For the first analysis, we replicated the comparisons conducted by Cummings and Carr (2009) and Najdowski et al. (2009) by determining the number of sessions required to meet a mastery criterion based on the continuous versus discontinuous data. One criterion was based on performance across two consecutive sessions (Cummings & Carr, 2009), and the other criterion was based on performance across three consecutive sessions (Najdowski et al., 2009). The specific criterion selected provided a middle ground between the 100% of correct trials required by Cummings and Carr and the 80% of correct trials required by Najdowski et al. Our mastery criterion was responding at or above 88% of all trials, with a correct response required on the first trial of the session. Essentially, this criterion permitted the child to exhibit one incorrect response in each session, as long as the prompted response did not occur on the first trial of the session. We felt that this initial acquisition criterion was similar to that commonly used in practice.

Figure 1 shows the mean number of sessions (along with the standard deviation) to reach the mastery criterion when performance was based on two consecutive sessions (bars on the left) and when performance was based on three consecutive sessions (bars on the right). The majority of targets (83%) met the two-session mastery criterion in fewer sessions when performance was examined for the first trial only (M = 13.1 sessions; range, 4 to 25) compared to performance on the first three trials (M = 16.8 sessions; range, 6 to 41) or on all trials (M = 17.1 sessions; range, 6 to 41). This difference occurred for less than half of the targets (46%) when using the three-session mastery criterion (M = 16.9; range, 5 to 25 for the first trial; M = 19.1; range 7 to 42 for the first 3 trials; and M = 19; range, 7 to 42 for all trials). We found no differences when comparing the three-trial and continuous data. These findings indicate that the first-trial data would have produced premature determinations of skill mastery for most of the targets unless we based the criterion on performance during three or more consecutive sessions.

Figure 1.

Figure 1

Mean number of sessions to meet the two-session or three-session mastery criterion for the 24 targets when examining data from the first trial, first three trials, or all trials. The narrow bars show the standard deviation for each.

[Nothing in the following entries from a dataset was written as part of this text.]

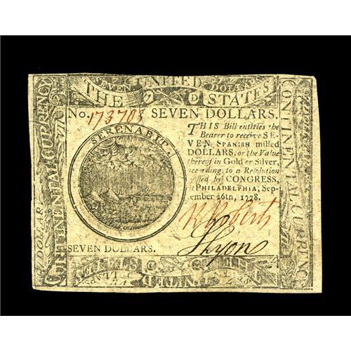 Continental Currency September 26, 1778 $7 Very Choice Continental Currency September 26, 1778 $7 Ve
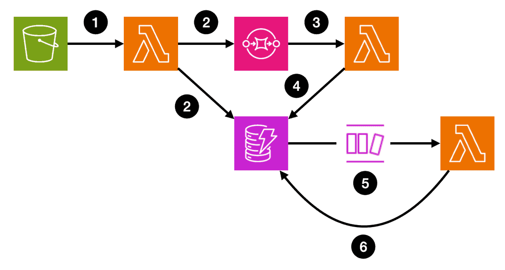 - The data change events from step 4. are captured in a DynamoDB stream and used to trigger another Lambda function.
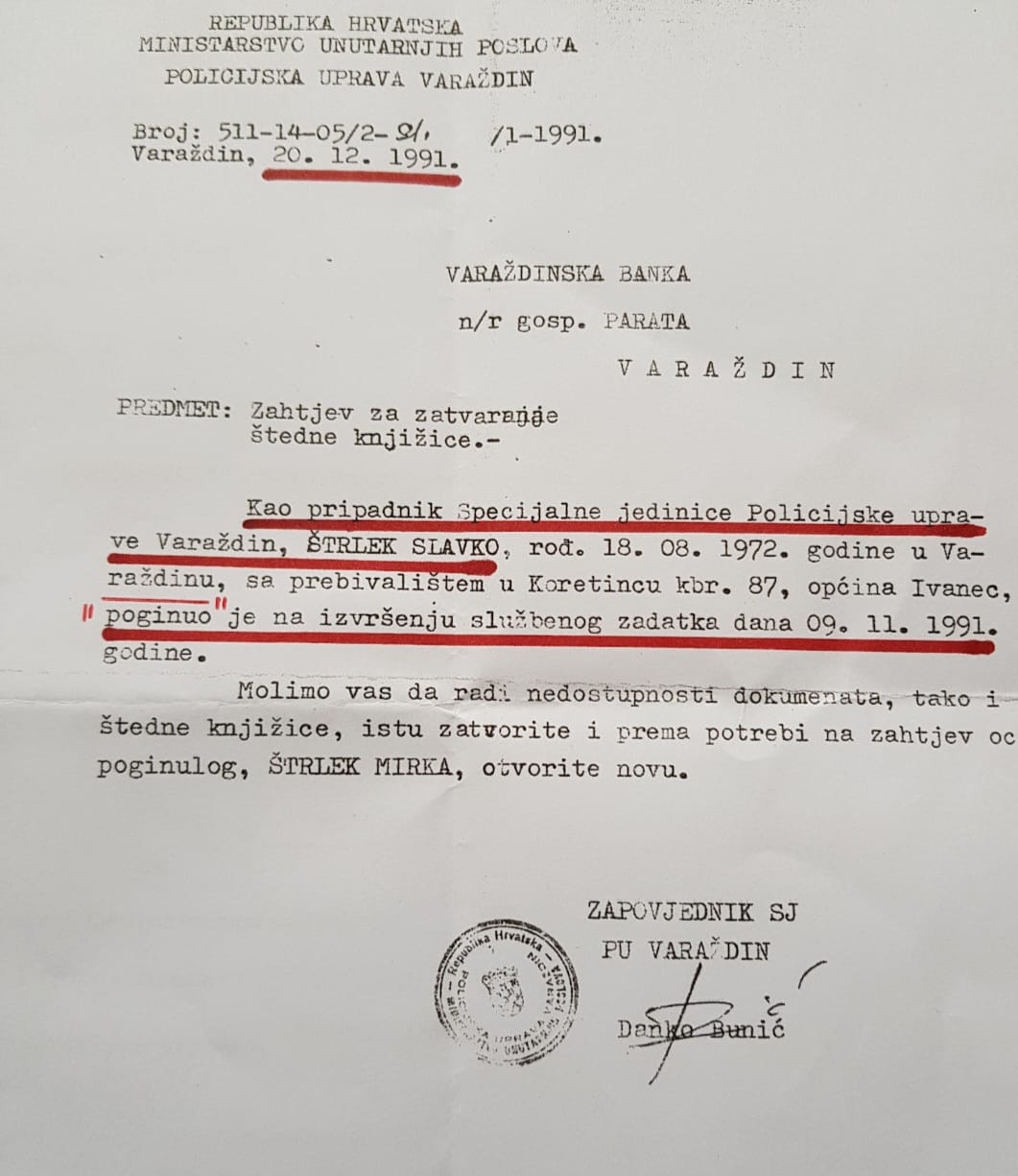 Slavko Štrlek vodio se kao poginuli policajac sve do 22. svibnja 1992. do razmjene u Lipovcu.
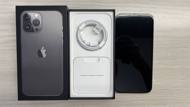 盒裝內含:IPhone 13 Pro Max 256G 石墨灰主機、說明書、原廠充電線(未使用過)、完
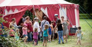- Le P’tit Chap’ de la Cie La Grenouille Bleue (petit chapiteau en toile avec capacité d’accueil de 50 personnes)
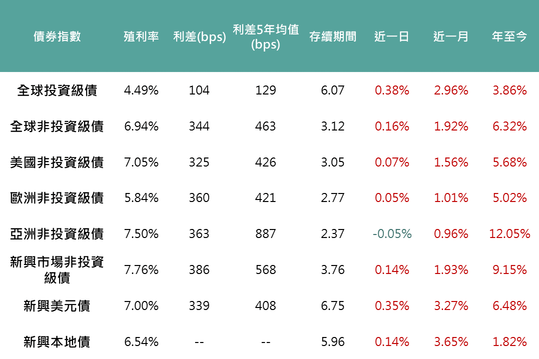 市場預估美國勞動部將下修今年3月的過去一年內非農新增就業人數,下修人數預估約60萬至100萬人,顯示美國就業市場恐未如原先預期強勁,促使市場增加Fed降息預期,並推動各天期美債殖利率下跌,主要債種受惠殖利率回落而上漲,全球投等債上漲0.38%、全球非投等債上漲0.16%、新興美元債上漲0.35%。
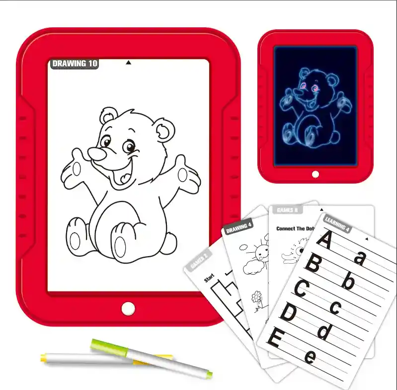 Tableta o tablero de dibujo MagicPad para pintar con luz y marcadores - Explota toda la creatividad de tus hijos con MagicPad, una tableta de dibujo que les garantizará muchas horas de diversión y aprendizaje. - MagicPad trae también 30 hojas de trabajo dividas en tres temas: learning (aprendiendo) con ejercicios básicos de escritura y matemáticas drawing (dibujando) con guías para dibujar animales y objetos y games (juegos) con divertidas actividades para desarrollar. - ¡MagicPad alumbra! Oprime el botón y el marco de la tableta se iluminará con ocho diferentes colores. Caracteristicas: * Material: de plástico * Color: Roja * Paquete: Caja de color * Función: luz LED, imágenes en color * Edad aplicable: Niños (4-6 años) ¡No te quedes sin la tuya!
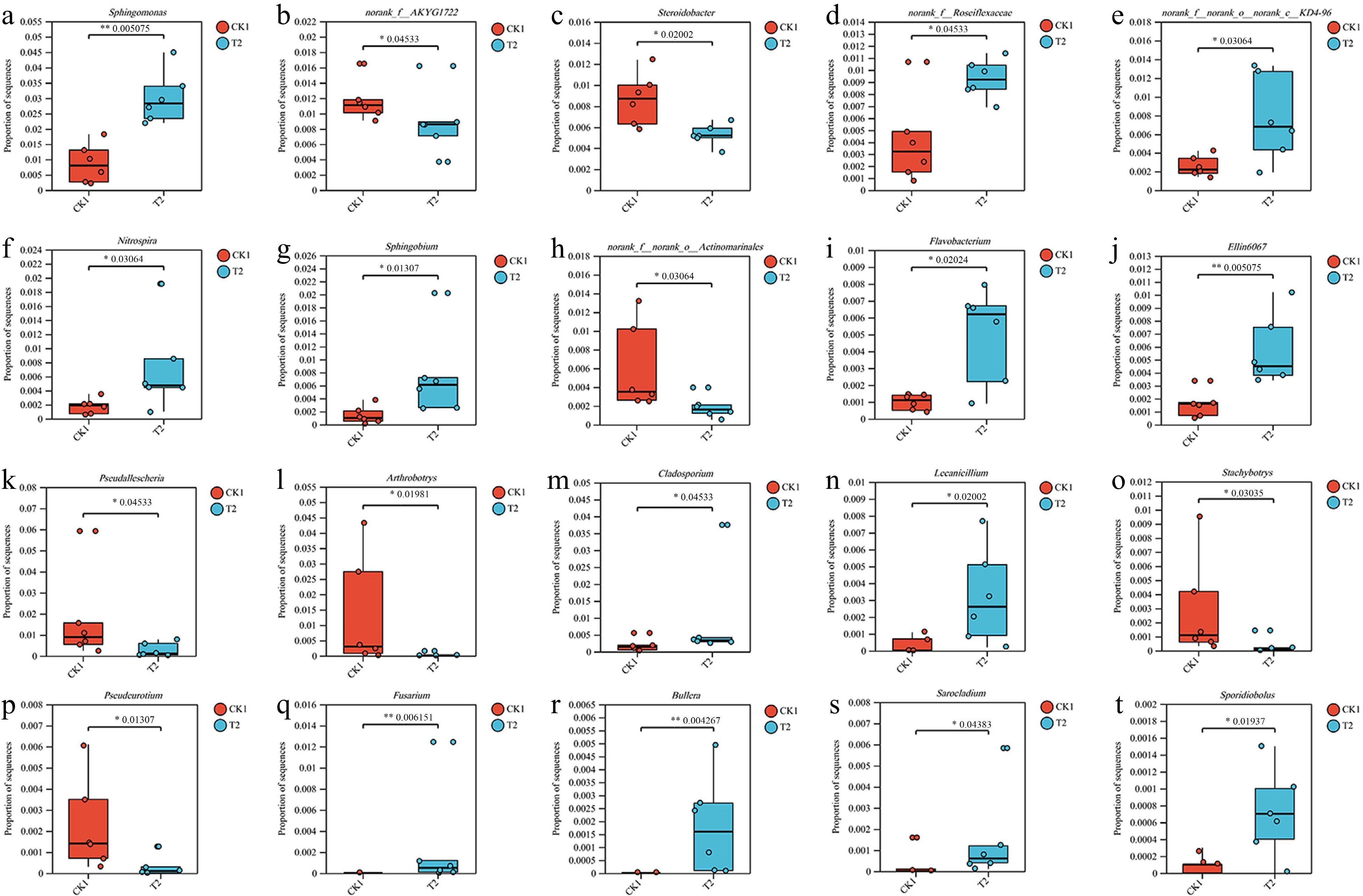 Wilcoxon rank-sum test chart of the (a)−(j) ten bacterial and (k)−(t) fungal genus with the highest abundance averages.

For the second analysis, we calculated the probability that the mean level of correct responding across all trials was above 50% given (a) a correct response on the first trial, and (b) an incorrect response on the first trial. We assumed that performance above the 50% level would reflect learning, whereas performance at or below this level could indicate learning but might also result from correct guessing. It should be noted, however, that the 50% accuracy level was not considered an indicator of chance responding, which only would be the case for targets with two response options. Instead, it was selected because it represents the midpoint of our percentage scale. We conducted this particular analysis to determine the extent to which performance on the first trial was a reliable indicator of learning or lack thereof. This analysis also might indicate whether correct guesses might inflate first-trial performance and whether instruction and prompting early in the session might inflate all-trial performance. The former would be suggested if a correct response on the first trial was not a strong predictor of above-50% responding on all trials. The latter would be suggested if an incorrect response on the first trial was a strong predictor of above-50% responding on all trials. Finally, for the last analysis, we compared the mean levels of responding across all sessions for each target when data were based on performance during the first trial, first three trials, and all trials.

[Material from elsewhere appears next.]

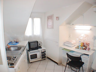 Attention il s'agit d'une petite surface d'environ 12 m/2 (base indicative non contractuelle)au 3em étage (sans ascenseur )avec une fenêtre donnant sur la cour d'un petit immeuble du 18em siècle . Elle est petite mais bien aménagée et optimisée.
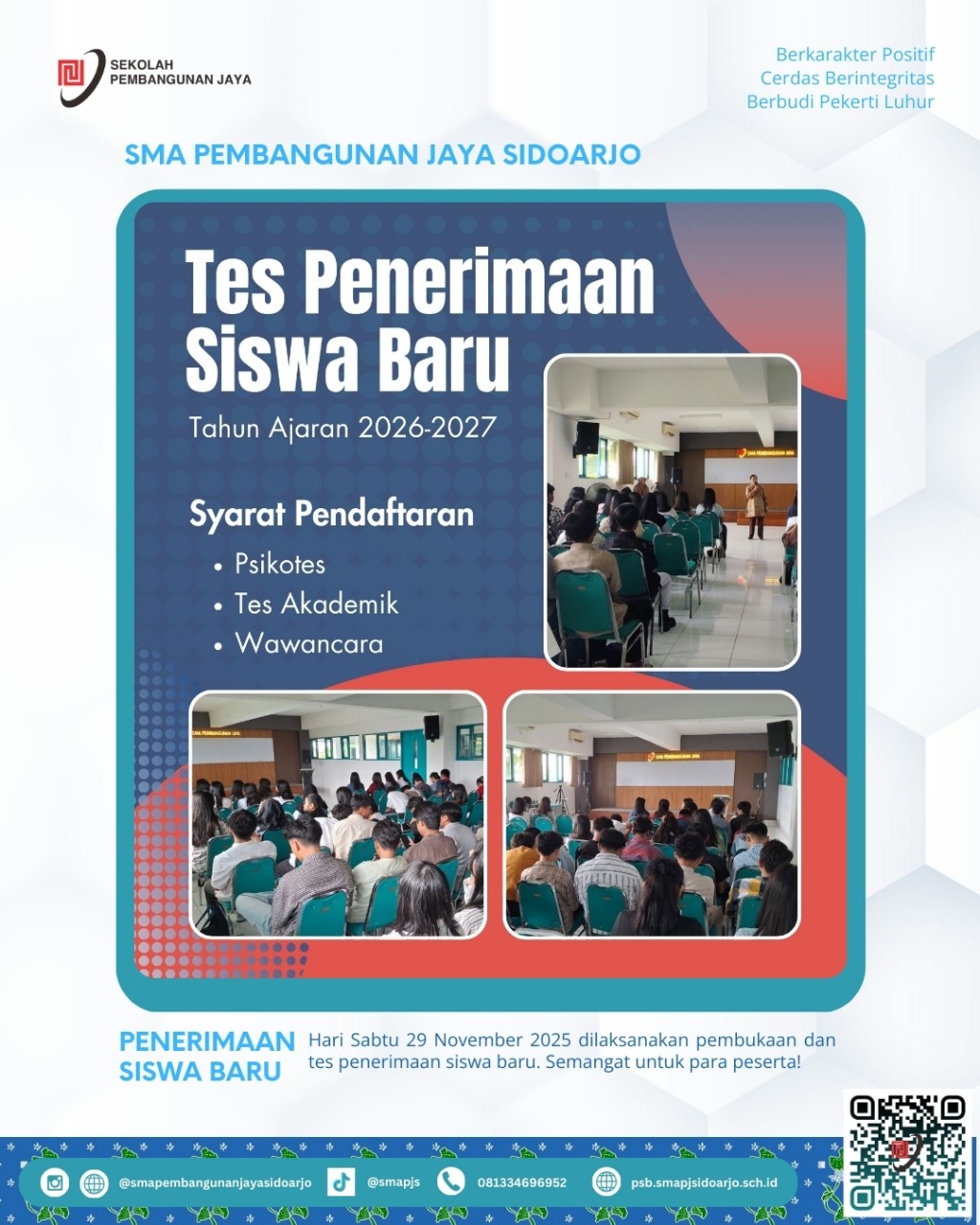 Hari ini SMA Pembangunan Jaya Sidoarjo resmi membuka rangkaian Tes Penerimaan Siswa Baru Tahun Ajaran 2026–2027!

Figure 2 shows the probability that mean correct responding on all trials exceeded 50% given an unprompted (i.e., correct) response on the first trial or a prompted (i.e., incorrect) response on the first trial. The probability that correct responding exceeded 50% of trials when a correct response occurred on the first trial was 0.92 (range, .66 to 1.0). It should be noted that all but two targets exceeded a probability of .80 and 17 of the 24 targets showed a perfect correlation (probability of 1.0) between a correct response on the first trial and above-50% responding on all trials. The probability that correct responding exceeded 50% of trials when an incorrect response occurred on the first trial was just 0.26 (range, 0 to .71), with 16 of the 24 targets falling below the mean. This indicates that performance on the first trial was a fairly good predictor of whether performance across all trials exceeded or fell below 50% correct. This also suggests that correct guesses did not substantially influence the first-trial data because all-trial data were typically above 50% correct when the participant responded correctly on the first trial. Conversely, prior instruction and prompting did not substantially influence the all-trial data because these data were typically below 50% when the participant responded incorrectly on the first trial. Nonetheless, some exceptions did occur, as indicated by the ranges and individual results.

Figure 2.

Figure 2

Probability that responding was correct on more than 50% of all trials when a correct response occurred on the first trial (left bar) and when an incorrect response occurred on the first trial (right bar) for the 24 targets. The narrow bars show the standard deviation for each.

Figure 3 shows the mean percentage of correct responses for each target when data were calculated using the first trial, the first three trials, and all trials of the instructional sessions. For visual inspection purposes, the data points are ordered based on level of responding across all trials. For all but four targets, the mean percentages of correct responses for the continuous data were the same as or greater than those for the discontinuous data. On average, the mean level of performance across sessions was 40.5% correct for the first-trial data, 44.1% correct for the three-trial data, and 51% correct for the all-trial data. These findings indicate that the discontinuous data tended to underestimate all-trial performance.

Figure 3.

Figure 3

Percentage of trials with correct responding across all sessions when examining first-trial, three-trial, and all-trial data for each target.

Question #2: What Is the Sensitivity of Continuous Versus Discontinuous Measurement to Changes in the Learner's Performance During Initial Acquisition?

The analyses conducted to address Question #1 did not provide information about the potential sensitivity of the continuous versus discontinuous data to changes in the learner's performance during the initial stages of acquisition. That is, it is also important to determine how readily each recording method might indicate learning or lack thereof during the instruction of a new skill. When ongoing data suggest little or no improvement in performance, instructors can modify their teaching methods to promote more rapid learning. Data indicative of learning then inform instructors regarding the adequacy of their teaching. The benefits of using less effortful measurement systems may not outweigh the costs if insufficient sampling of behavior (via discontinuous recording) reduces the sensitivity of measurement to changes in performance.

To examine differences in the sensitivity of continuous versus discontinuous data during initial acquisition, we again examined our session-by-session data on the percentage of correct, unprompted responses generated to address Question #1. For each target, we compared the number of sessions the therapist conducted prior to the occurrence of the first nonzero point when data were calculated from the first trial, the first three trials, and all trials. Recall that, for this study, we only included targets associated with no correct responses during the baseline. This permitted us to use a relatively straightforward and objective criterion for “improvement in performance.”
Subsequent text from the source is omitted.